Introduction à la Psychologie de la Santé

La psychologie de la santé s'intéresse aux facteurs qui influencent l'état de santé des individus. Cette discipline prend en compte une multitude de déterminants, allant des conditions sociales aux traits de personnalité, en passant par les comportements.

Les Déterminants Sociaux de la Santé (DDS)

Les DDS sont les «conditions dans lesquelles les individus naissent, grandissent, vivent, travaillent et vieillissent », incluant le système de santé (OMS, 2011). Ils sont la cause principale des inégalités de santé.

Facteurs Influents des DDS

  • Facteurs sociaux
  • Facteurs politiques
  • Facteurs économiques
  • Facteurs culturels
  • Facteurs environnementaux

Impact des DDS sur la Santé Environnementale

La santé environnementale, selon l'OMS, regroupe «tous les aspects de la santé et de la qualité de vie des populations qui résultent de l'action sur l'homme de facteurs biologiques, chimiques et physiques de l'environnement». Environ 15% à 20% du fardeau des maladies en Europe est dû à l'environnement.

Mesures de la Santé des Populations

Quelques indices pour évaluer la santé des populations incluent :

  • Morbidité
  • Mortalité
  • Espérance de vie en bonne santé
  • Santé auto-évaluée

Inégalités de Santé et Politiques

  • Inégalités de santé inter-pays et intra-pays
  • Contexte économique et politique : rôle crucial de la santé dans les politiques étatiques.
  • Systèmes de santé et soins primaires : accès équitable aux soins essentiels.
  • L'équité en santé est un objectif prioritaire selon l'OMS.

La Pauvreté : Un Déterminant Majeur

La pauvreté est un déterminant majeur de la mortalité prématurée.
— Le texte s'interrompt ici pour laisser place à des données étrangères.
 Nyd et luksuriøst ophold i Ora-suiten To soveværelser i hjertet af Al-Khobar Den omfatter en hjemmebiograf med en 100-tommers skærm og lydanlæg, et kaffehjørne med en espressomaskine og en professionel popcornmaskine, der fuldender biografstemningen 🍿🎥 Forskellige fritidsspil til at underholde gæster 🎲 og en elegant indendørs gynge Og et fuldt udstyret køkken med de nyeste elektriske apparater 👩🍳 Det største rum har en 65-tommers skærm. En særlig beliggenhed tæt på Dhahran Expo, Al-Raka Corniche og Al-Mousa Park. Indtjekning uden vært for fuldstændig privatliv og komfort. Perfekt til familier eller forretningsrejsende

Elle entraîne souvent un cumul de facteurs de risque comme l'eau insalubre, la malnutrition, le logement précaire et un faible niveau d'éducation.
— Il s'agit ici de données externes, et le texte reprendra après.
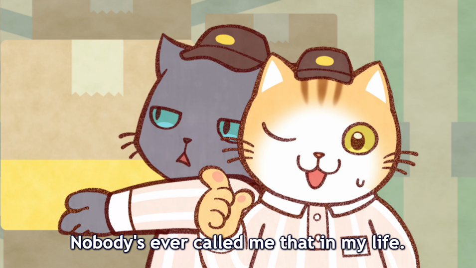 Working Buddies! (Hataraku Onii-san!) is a short form-anime series about anthropomorphic cats doing odd jobs during college. Our two main cats are an energetic calico named Tapio Chatorazawa and the pessimistic Russian blue Kuehiko Roshihara. The first episode shows our two lead cats on the job delivering packages. The entire episode goes from the warehouse to our crew on the job delivering after Tapio introduces the cast to us. That’s pretty much the episode as it’s a 4 minute short.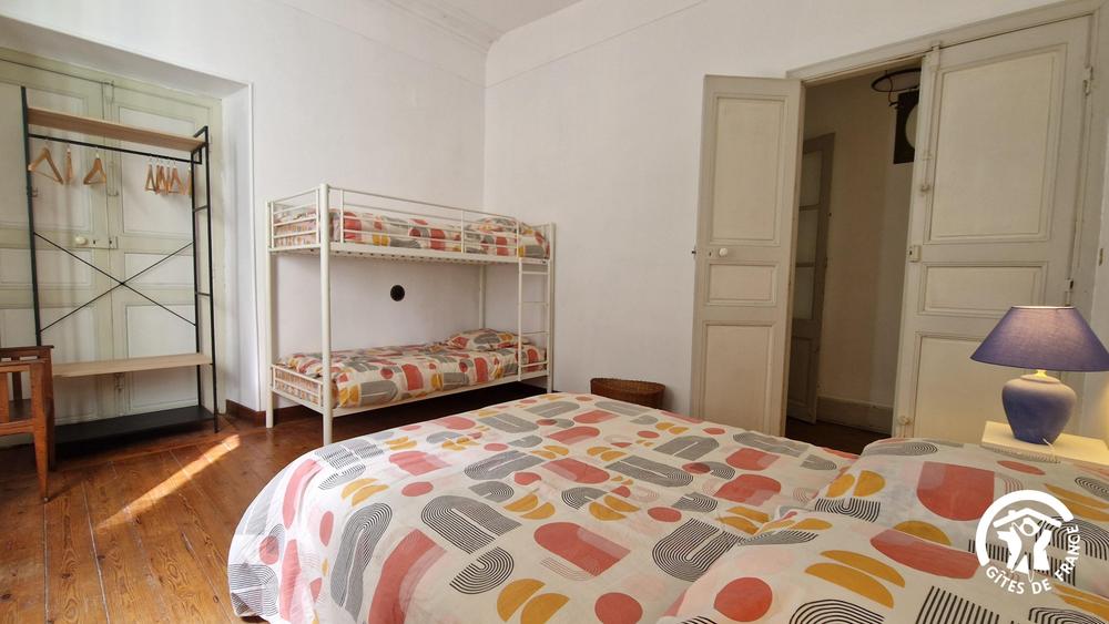- une chambre pour les enfants avec un lit double en 140x190cm et un lit superposé avec deux couchages en 90x190cm

Processus et Séquences des Inégalités

Hypothèses Clés

  • Sociétés inéquitables : la répartition inéquitable des richesses crée un clivage et met à mal la cohésion sociale.
  • Hypothèses compositionnelles : davantage de personnes en situation de pauvreté.
  • Hypothèses contextuelles : la distribution inégale des revenus impacte la cohésion sociale.

Point de Vue Psycho-social et Neuro-biologique

  • Les événements de vie stressants et un faible contrôle perçu sont plus fréquents dans les milieux défavorisés.
  • Un taux élevé de cortisol à long terme peut entraîner des déséquilibres physiologiques.

Les Déterminants Sociaux Intermédiaires

La Communauté

L'effet de la communauté sur la santé est positif quand elle favorise :

  • Un contrôle perçu élevé
  • Un stress perçu faible
  • Un soutien social perçu important
  • Des stratégies de coping efficaces et des comportements sains.

Un sentiment d'appartenance augmente la satisfaction et le bien-être. Mais attention, toutes les communautés ne sont pas concernées (effet négatif si elles véhiculent des modes de vie peu sains).

Le Groupe (Système)

Un groupe est un «ensemble qui ne se réduit pas à la somme de ses éléments». Il peut être soit protecteur, soit pathogène.

Milieu Professionnel

Avoir un emploi améliore la qualité de vie, mais ses effets varient selon le contexte organisationnel et les caractéristiques du travail :

  • Tâche : temps et charge de travail.
  • Relations sociales : ambiguïté de rôle, soutien social.
  • Carrière : perspectives d'évolution.
  • Interface vie pro/vie privée.

Certaines professions (soins, éducation) sont particulièrement stressantes et épuisantes.

La satisfaction au travail est liée à un travail intéressant et des délais suffisants.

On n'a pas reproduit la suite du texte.